Department of Public Health Sciences, Division of Social Medicine, Karolinska Institutet, Stockholm, Sweden; Department of Statistics, Monitoring and Evaluation, National Board of Health and Welfare, Stockholm, Sweden.

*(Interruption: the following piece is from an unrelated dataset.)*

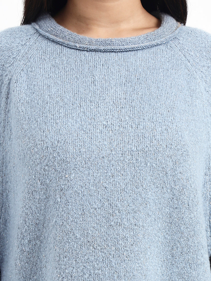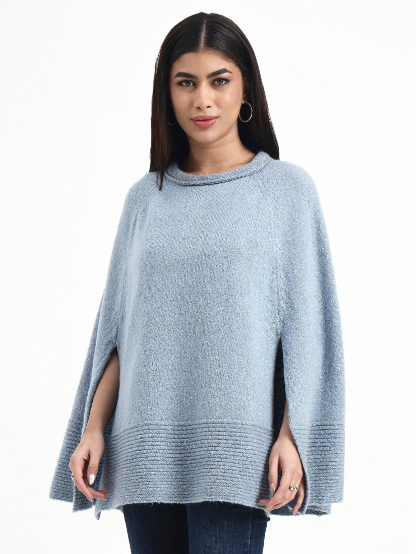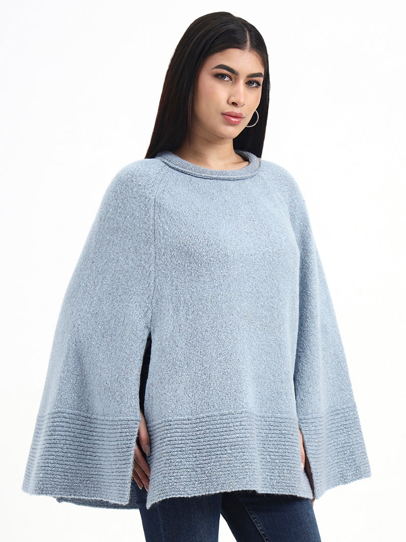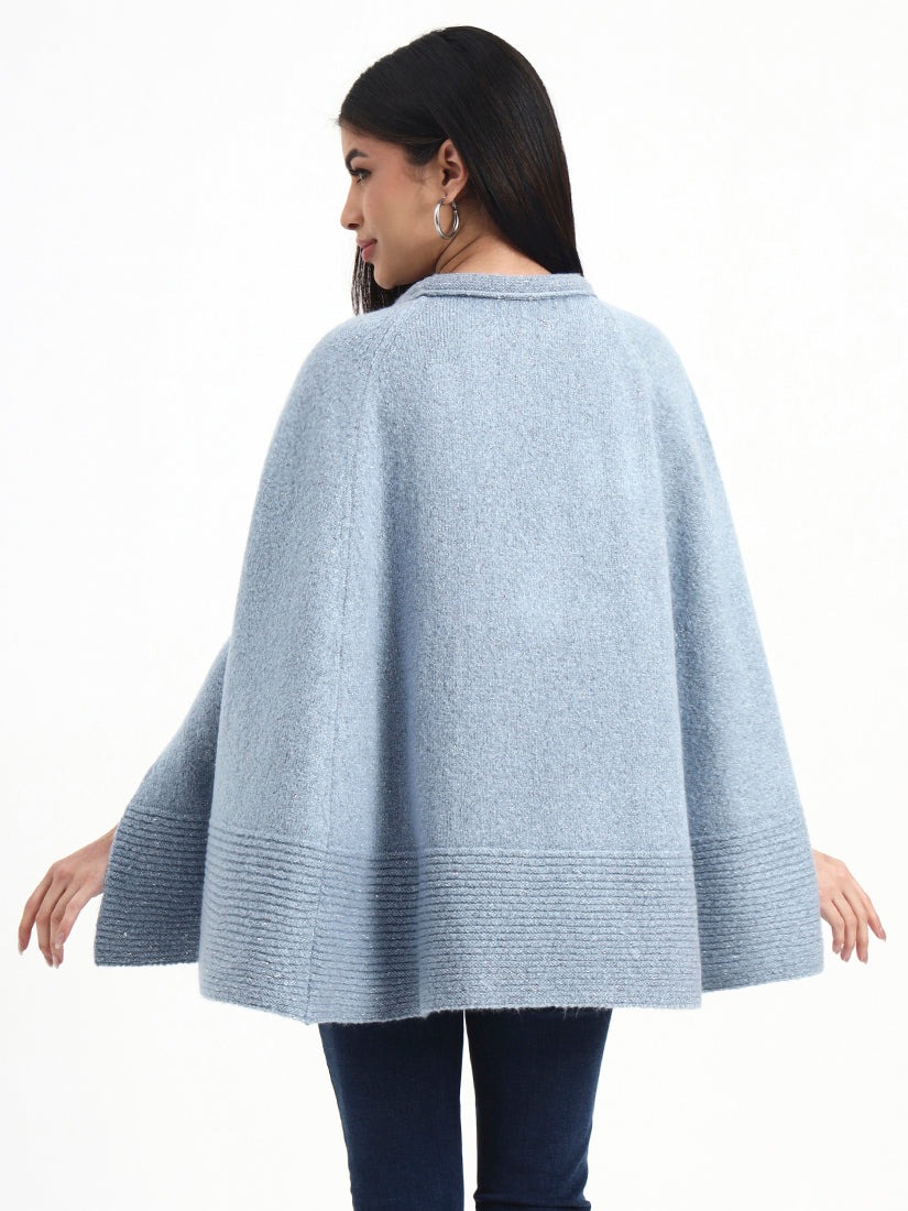 This felted knit poncho is finished in a washed blue tone with a calm, understated depth. The felted surface lends warmth and durability without weight, while the relaxed silhouette ensures effortless layering through the colder months.

Schizophr Res. 2013 Oct;150(1):205-10. doi: 10.1016/j.schres.2013.07.011. Epub 2013 Jul 27.
It is not clear which patients with a first psychotic episode will develop schizophrenia. We performed a diagnostic follow-up of patients treated for a first time non-affective, non-schizophrenia psychosis and explored potential predictors of a subsequent schizophrenia or schizoaffective diagnosis.
This register-based cohort study comprises individuals born between 1973 and 1978 in Sweden, with a first hospital-treated psychosis excluding schizophrenia, schizoaffective disorder, bipolar disorder and depressive disorder with psychotic symptoms (n=1840). The patients were followed for five years regarding subsequent diagnoses. Psychiatric, social, family history of psychiatric illness, premorbid intellectual level, head injuries and obstetrical complications were investigated by logistic regression as predictors of schizophrenia or schizoaffective diagnosis.
During the follow-up, 18% were diagnosed with schizophrenia or schizoaffective disorder, 5% were diagnosed with bipolar disorder, whereas 29% were not re-admitted to a psychiatric clinic. Patients with a first-degree relative hospitalized for schizophrenia and/or bipolar disorder had an increased risk of subsequent diagnosis for schizophrenia or schizoaffective disorder (odds ratio 1.9 and 95% confidence interval 1.1 to 3.0)), whereas previous severe criminality was associated with a decreased risk (odds ratio 0.5, 95% confidence interval 0.3-0.8).
Diagnostic outcome was diverse after a first non-schizophrenia and non-affective psychosis. Family history of severe mental illness and no previous conviction for severe criminality were the strongest risk factors for a future schizophrenia or schizoaffective diagnosis.
目前尚不清楚首发精神病患者中哪些会发展为精神分裂症。我们对首次非情感性、非精神分裂症性精神病患者进行了诊断随访,并探讨了后续精神分裂症或分裂情感性障碍诊断的潜在预测因素。
本基于登记的队列研究包括瑞典 1973 年至 1978 年间出生的个体,这些个体患有首次经医院治疗的精神病,不包括精神分裂症、分裂情感性障碍、双相情感障碍和伴有精神病症状的抑郁症(n=1840)。对这些患者进行了为期五年的随访,以确定后续诊断。通过逻辑回归调查了精神病、社会、家族精神病史、发病前智力水平、头部损伤和产科并发症,以探讨其对精神分裂症或分裂情感性障碍诊断的预测作用。
在随访期间,18%的患者被诊断为精神分裂症或分裂情感性障碍,5%的患者被诊断为双相情感障碍,而 29%的患者未再被收治于精神科诊所。有一级亲属因精神分裂症和/或双相情感障碍住院的患者,后续诊断为精神分裂症或分裂情感性障碍的风险增加(比值比 1.9,95%置信区间 1.1 至 3.0),而先前有严重犯罪行为的患者,其风险降低(比值比 0.5,95%置信区间 0.3 至 0.8)。
首发非精神分裂症和非情感性精神病后,诊断结果各不相同。家族史中有严重精神疾病和以前没有严重犯罪记录是未来发生精神分裂症或分裂情感性障碍的最强危险因素。